**ABOUT THIS EXERCISE**
Here, the job is to give back every entry below unchanged, omitting pictures.
Top of GIVEN ENTRIES
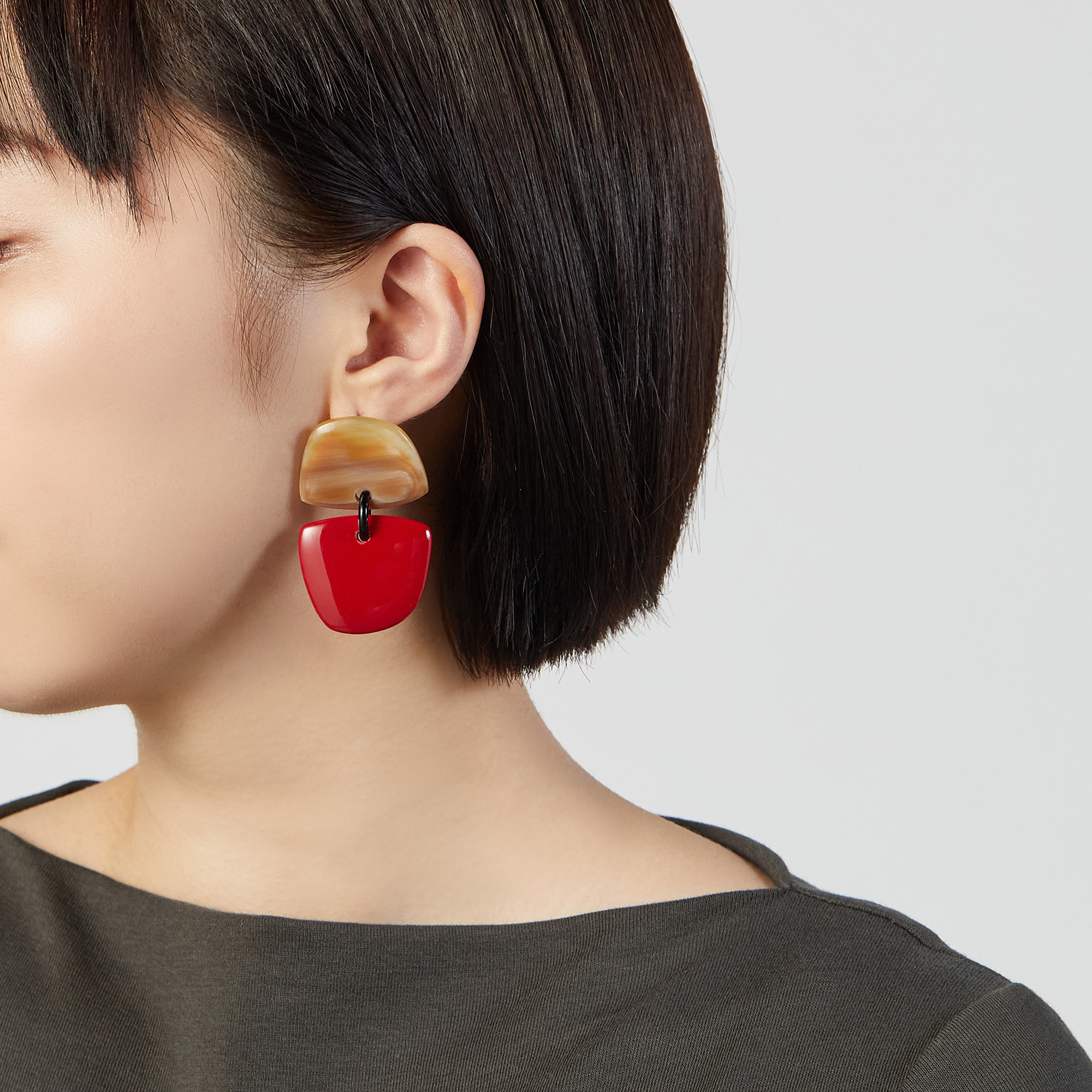 水牛に美しいルージュカラーの塗装を施したピアス。
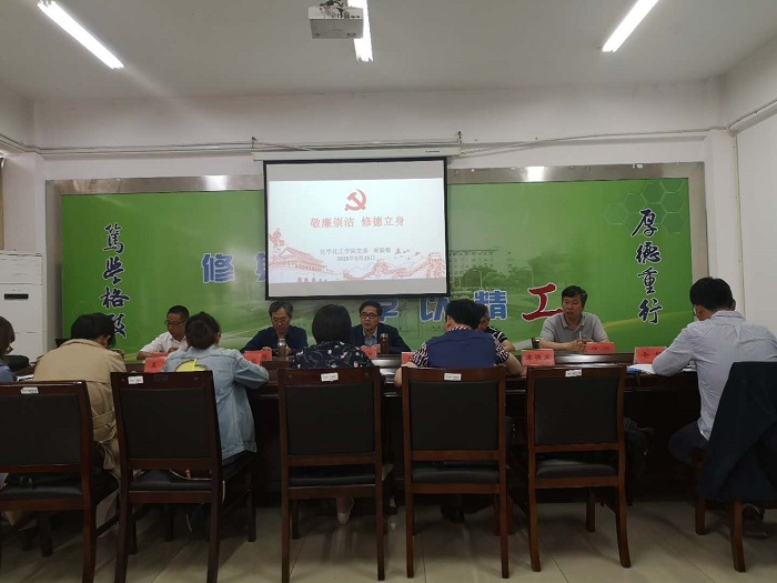 5月15日下午,化学化工学院党委书记谢毅敏在北校区教育超市楼2楼化学化工学院会议室为全院党员教师上了一堂《敬廉崇洁 修德立身》的专题党课。
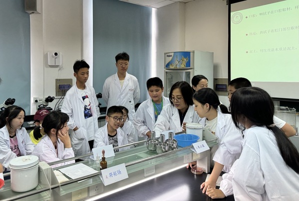 在夏令营期间,学员们被分为5个小组,在学习过程中,既有小组内部的密切协作,也有各组之间的良性竞争。无论是制作标本,还是进行显微镜下的细胞观察,每个小组成员都发挥各自的优势,互相支持,共同完成任务,学习氛围友好而浓厚。
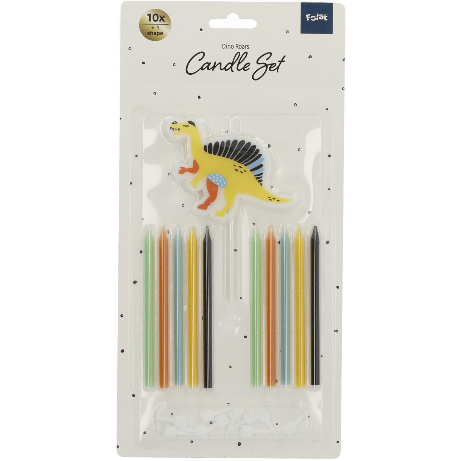 Kaarsen Dino Roars 10cm - 11 stuks. Inhoud: 11 kaarsen en 10 kaarsenhouders. Kleur: Meerkleurig. Bijvoorbeeld te gebruiken tijdens de volgende feestgelegenheid/feestgelegenheden: Kinderfeestje. Elke kaars is 10 cm lang. Het artikel is gemaakt van wax.
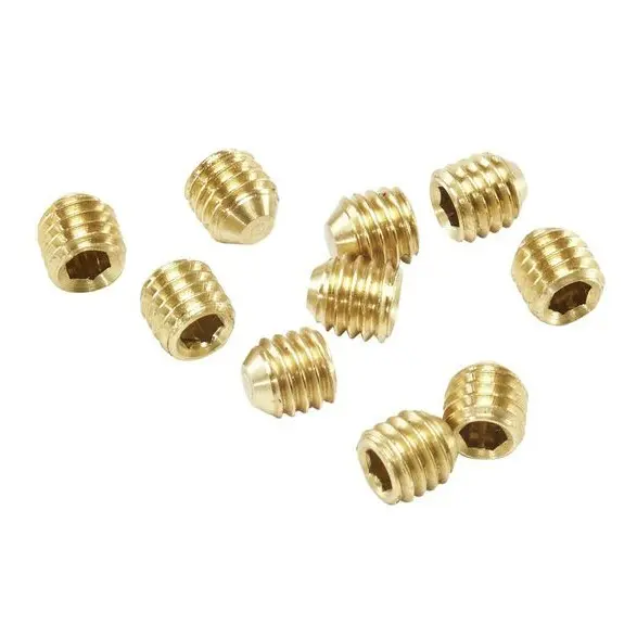 RCBS Brass Setscrew 10/32 x 3/16 FP. Náhradní mosazné zajišťovací šroubky pro pojistné kroužky matric RCBS. Balení obsahuje 10 ks. (RCBS BRASS SETSCREWS DIE LOCK RINGS).
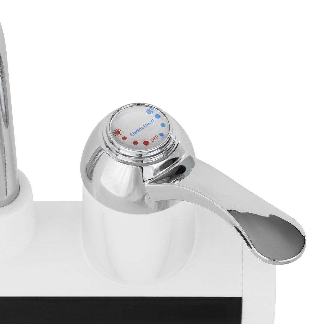 LASTNOSTI Barva izdelka Bela Vrsta upravljanja Ročica Pretok vode (maks.) 2,5 l/min Tlak vode (maks.) 600 kPa Najvišja temperatura tople vode 60 °C Stopnja zaščite IPX4 Vrsta montaže Namizna Materiali Nerjaveče jeklo, Plastika Razširjena barva izdelka Srebrna Vtič Da Vgrajen grelni element Da LED diode Delovanje
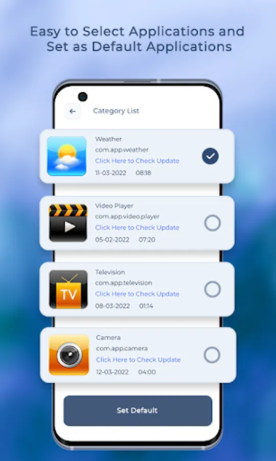Set default apps to open your files, images or videos in a particular app. Get app list category wise. Get details of permission used by each app on your phone. Also get other details of the apps like storage space used, app title, available app update, date of install and much more.
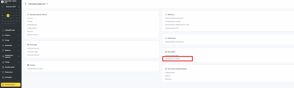 1. Перейдіть у головному меню до розділу «Налаштування» > «Моя філія» > «Інформація про філію».
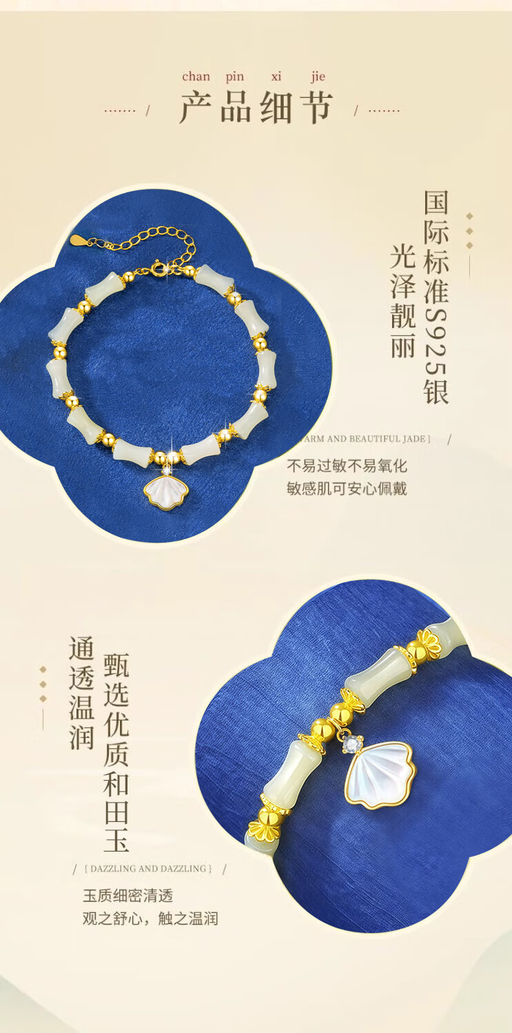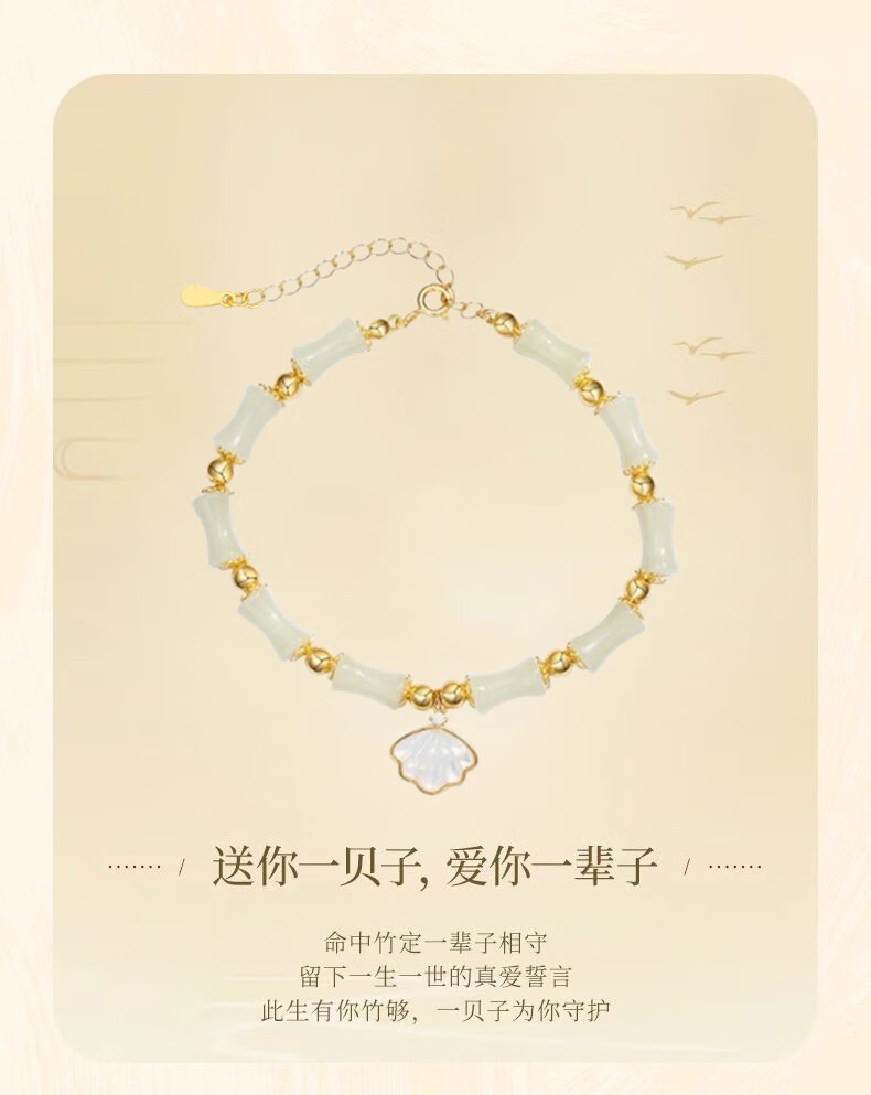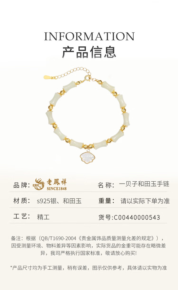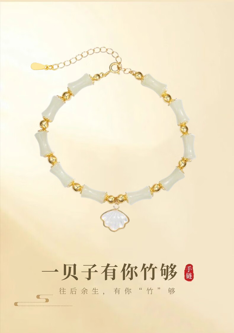 老凤祥轻奢竹节银手链女一贝子和田玉手串珠宝首饰生日礼物送女朋友老婆 今/明日达【和田美玉】竹愿一贝子手链
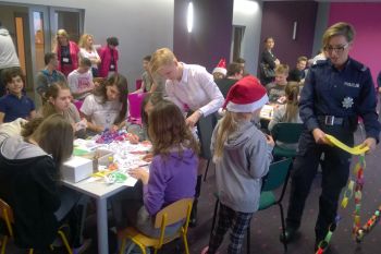 Policjanci ze Śródmieścia odwiedzili dzieci w Wojewódzkim Szpitalu Dziecięcym w Bydgoszczy. Miło spędzony czas upłynął przy wspólnym kolędowaniu i wykonywaniu świątecznych ozdób.
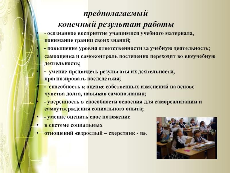 - уверенность в способности освоения для самореализации и самоутверждения социального опыта;
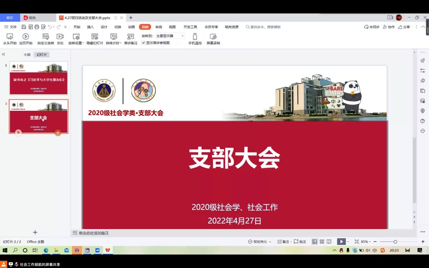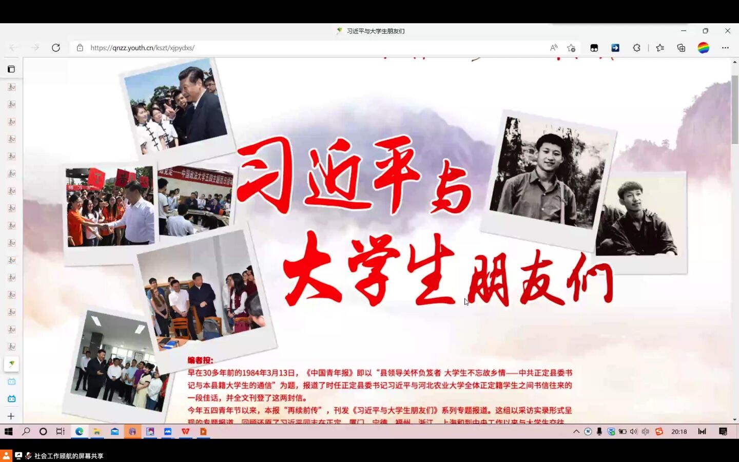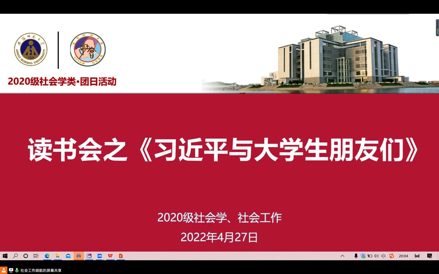 本网讯(36365线路检测中心 刘金金 孙悦)为筑牢理想信念之基,4月27日晚,2020级社会学、2020级社会工作团支部开展《习近平与大学生朋友们》线上读书会暨支部大会。本次活动由团支书陶子、顾航主持,2020级社会学类全体同学参加。
Bottom of GIVEN ENTRIES
**ANSWER BOX**
 水牛に美しいルージュカラーの塗装を施したピアス。
 5月15日下午,化学化工学院党委书记谢毅敏在北校区教育超市楼2楼化学化工学院会议室为全院党员教师上了一堂《敬廉崇洁 修德立身》的专题党课。
 在夏令营期间,学员们被分为5个小组,在学习过程中,既有小组内部的密切协作,也有各组之间的良性竞争。无论是制作标本,还是进行显微镜下的细胞观察,每个小组成员都发挥各自的优势,互相支持,共同完成任务,学习氛围友好而浓厚。
 Kaarsen Dino Roars 10cm - 11 stuks. Inhoud: 11 kaarsen en 10 kaarsenhouders. Kleur: Meerkleurig. Bijvoorbeeld te gebruiken tijdens de volgende feestgelegenheid/feestgelegenheden: Kinderfeestje. Elke kaars is 10 cm lang. Het artikel is gemaakt van wax.
 RCBS Brass Setscrew 10/32 x 3/16 FP. Náhradní mosazné zajišťovací šroubky pro pojistné kroužky matric RCBS. Balení obsahuje 10 ks. (RCBS BRASS SETSCREWS DIE LOCK RINGS).
 LASTNOSTI Barva izdelka Bela Vrsta upravljanja Ročica Pretok vode (maks.) 2,5 l/min Tlak vode (maks.) 600 kPa Najvišja temperatura tople vode 60 °C Stopnja zaščite IPX4 Vrsta montaže Namizna Materiali Nerjaveče jeklo, Plastika Razširjena barva izdelka Srebrna Vtič Da Vgrajen grelni element Da LED diode Delovanje
Set default apps to open your files, images or videos in a particular app. Get app list category wise. Get details of permission used by each app on your phone. Also get other details of the apps like storage space used, app title, available app update, date of install and much more.
 1. Перейдіть у головному меню до розділу «Налаштування» > «Моя філія» > «Інформація про філію».
 老凤祥轻奢竹节银手链女一贝子和田玉手串珠宝首饰生日礼物送女朋友老婆 今/明日达【和田美玉】竹愿一贝子手链
 Policjanci ze Śródmieścia odwiedzili dzieci w Wojewódzkim Szpitalu Dziecięcym w Bydgoszczy. Miło spędzony czas upłynął przy wspólnym kolędowaniu i wykonywaniu świątecznych ozdób.
 - уверенность в способности освоения для самореализации и самоутверждения социального опыта;
 本网讯(36365线路检测中心 刘金金 孙悦)为筑牢理想信念之基,4月27日晚,2020级社会学、2020级社会工作团支部开展《习近平与大学生朋友们》线上读书会暨支部大会。本次活动由团支书陶子、顾航主持,2020级社会学类全体同学参加。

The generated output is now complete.